Barbara Titus, Emily Clark, Vincent Kuitenbrouwer
As part of the Decolonial Futures Seed Grant, the UvA team partners with the Timor-based Institute of Research Governance and Social Change (IRGSC) to increase awareness of this online collection in Timor. To support this effort, the IRGSC will curate an exhibition at the Provincial Library of Kupang, where visitors can access the collection directly. Additionally, the IRGSC will hold an essay competition to encourage reflection on the contemporary relevance of this heritage.
At the end of the project, Dr. Dominggus Elcid Li, director of IRGSC, will visit the University of Amsterdam to study parts of the collection that have not yet been digitized. He will also share his insights from working with the Jaap Kunst collection in Timor and offer his perspective on the digital restitution of sonic colonial heritage.

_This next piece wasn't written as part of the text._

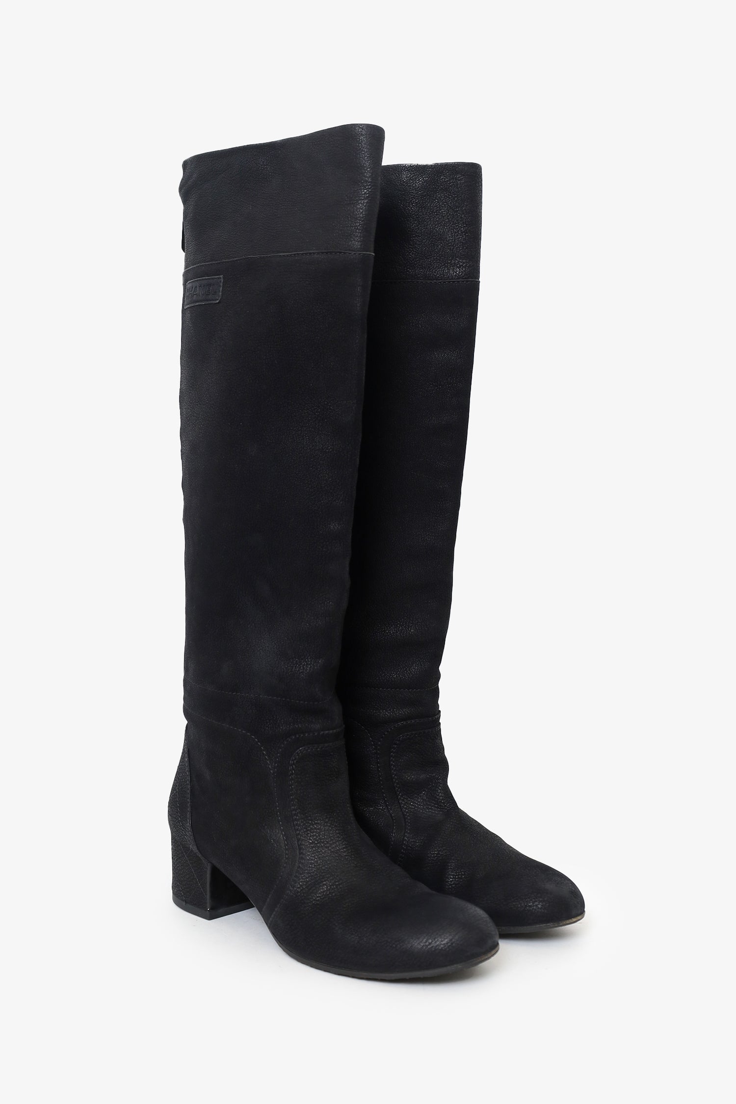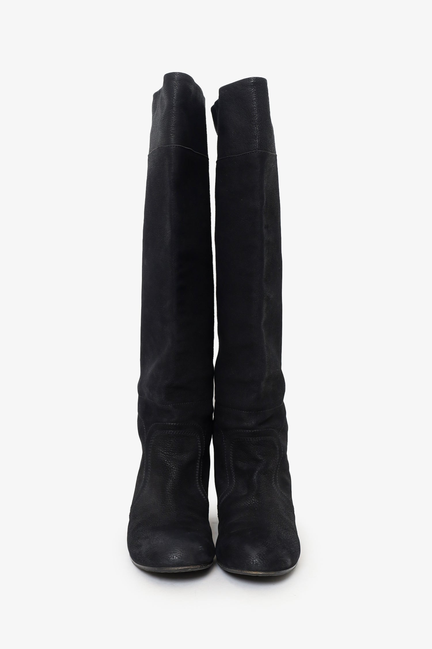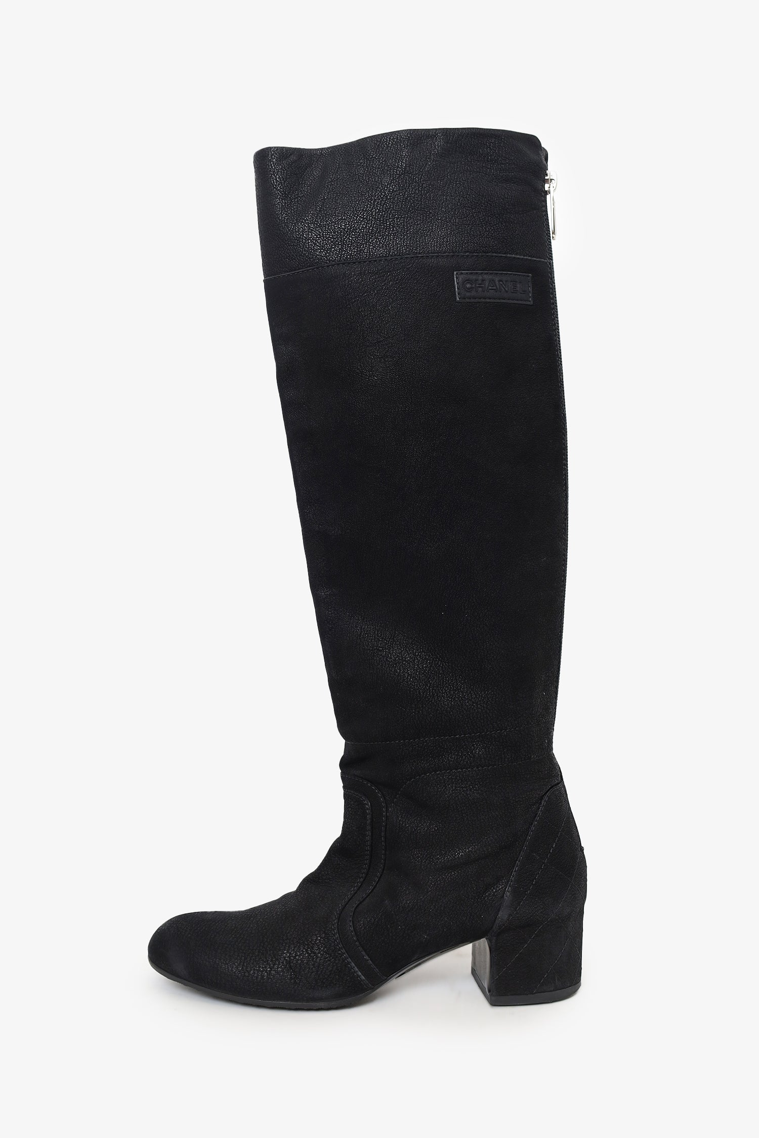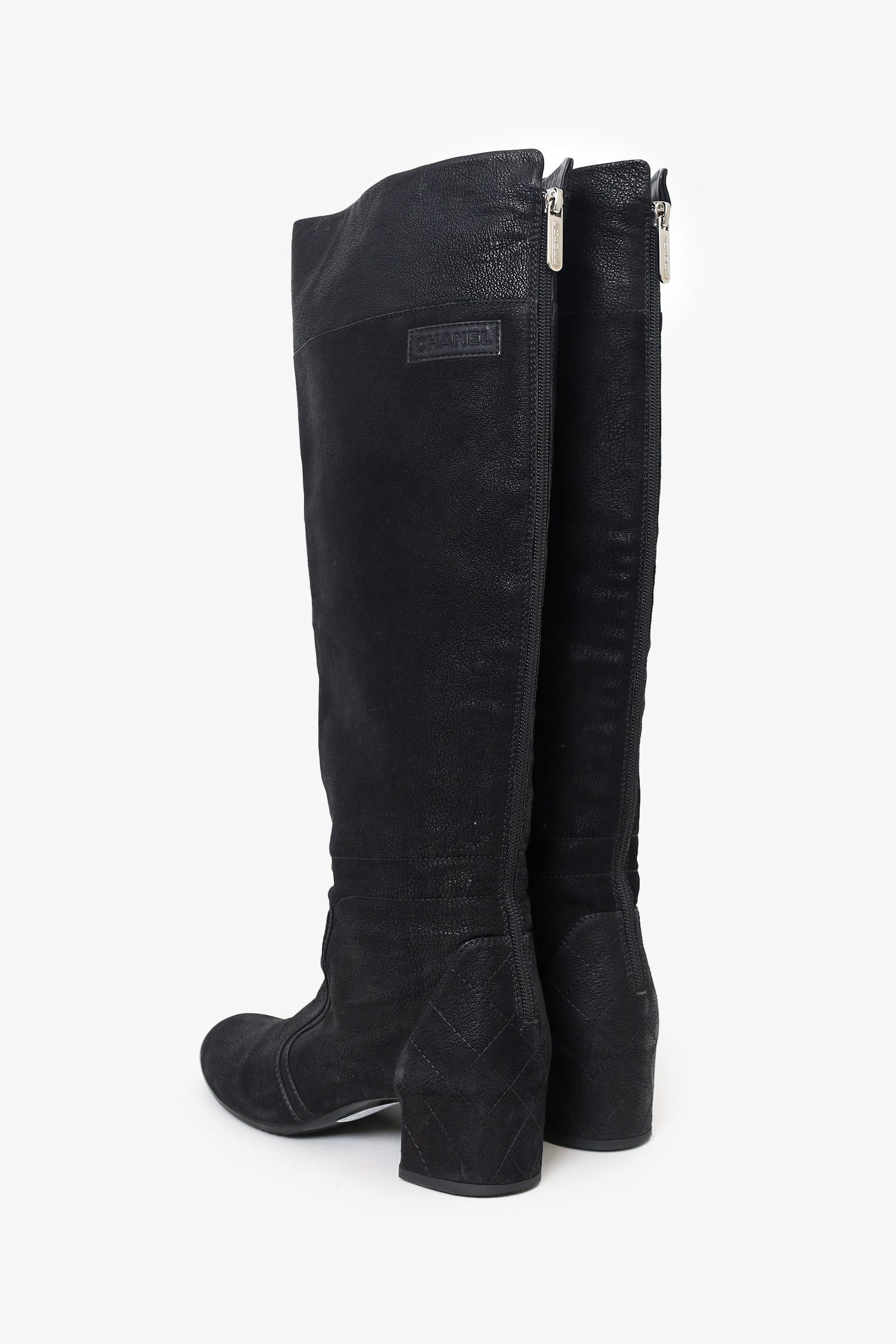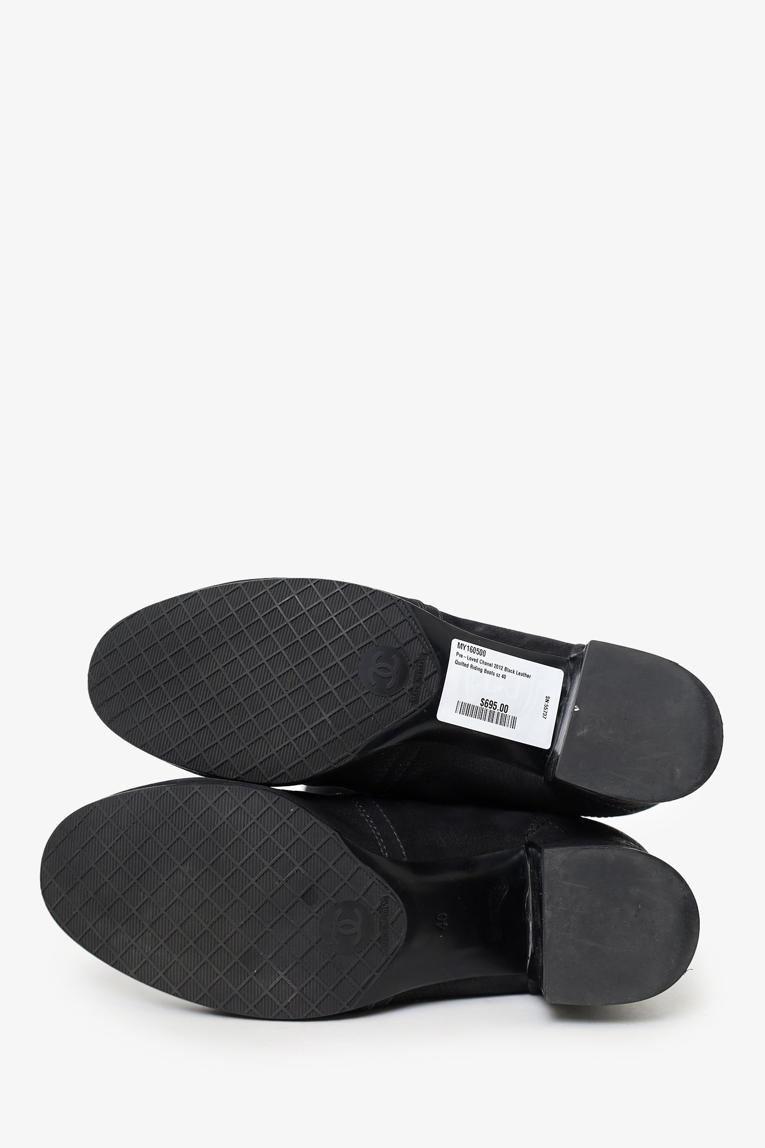 Pre-Loved Chanel™ 2012 Black Leather Quilted Riding Boots Size 40

Barbara Titus is Associate Professor of Cultural Musicology at the University of Amsterdam. She is the curator of the Jaap Kunst Sound Collection and participates in the NWO-funded project Restituting, Reconnecting, Reimagining Sound Heritage (Re:Sound).

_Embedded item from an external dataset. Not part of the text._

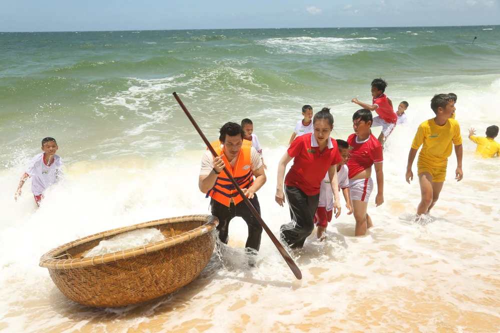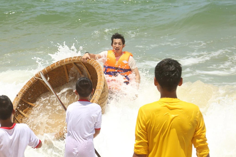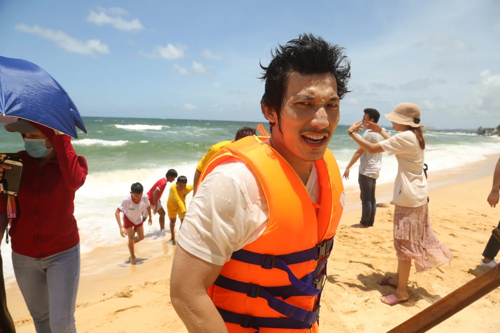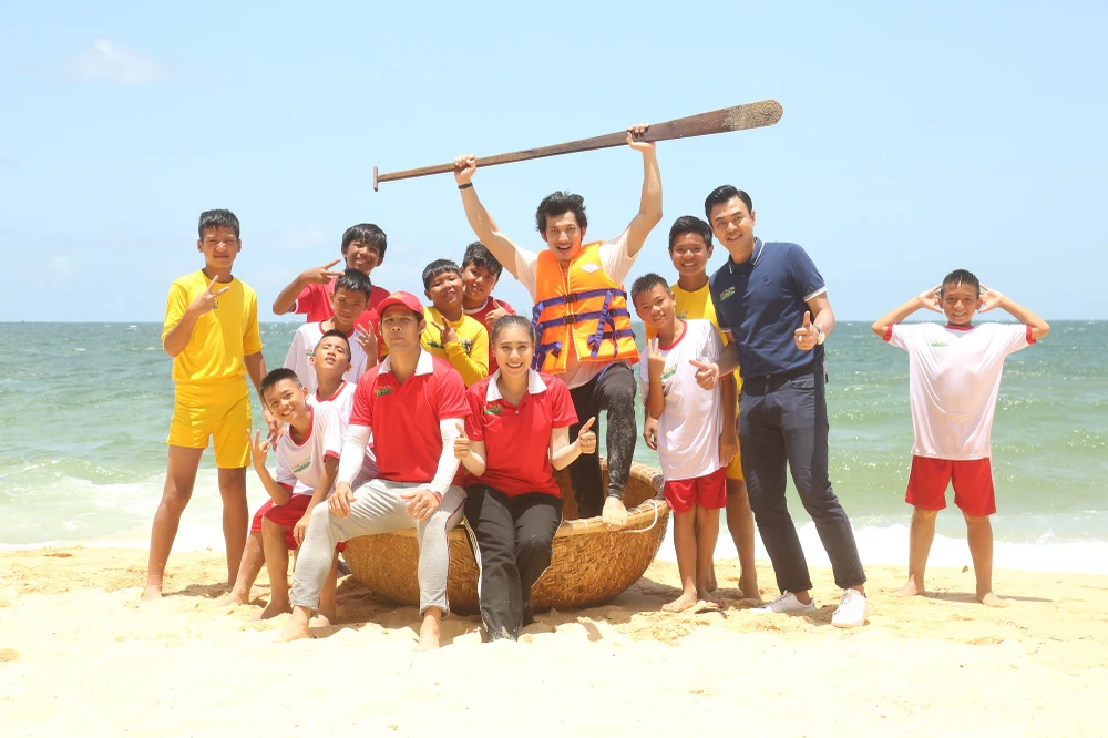 Nhận được sự giúp đỡ của các của các cầu thủ nhí, Liên Bỉnh Phát mới an toàn tấp được vào bờ cùng chiếc thuyền thúng của mình. Kiệt sức vì chống chọi với những cơn sóng, nam diễn viên “ngất xỉu” ngay sau đó.

Emily Clark is Assistant Professor of Contested Archives, Media and Memory at the University of Amsterdam. She currently leads the project “Audibilities of the Colonial Past: Dutch Sound Archives as History, Heritage and Data” with funding from the Dutch Research Council.
Vincent Kuitenbrouwer is Senior Lecturer History of International Relations at the University of Amsterdam. His current research focusses on international radio broadcasting in the late colonial period and the era of decolonization (1930-1975).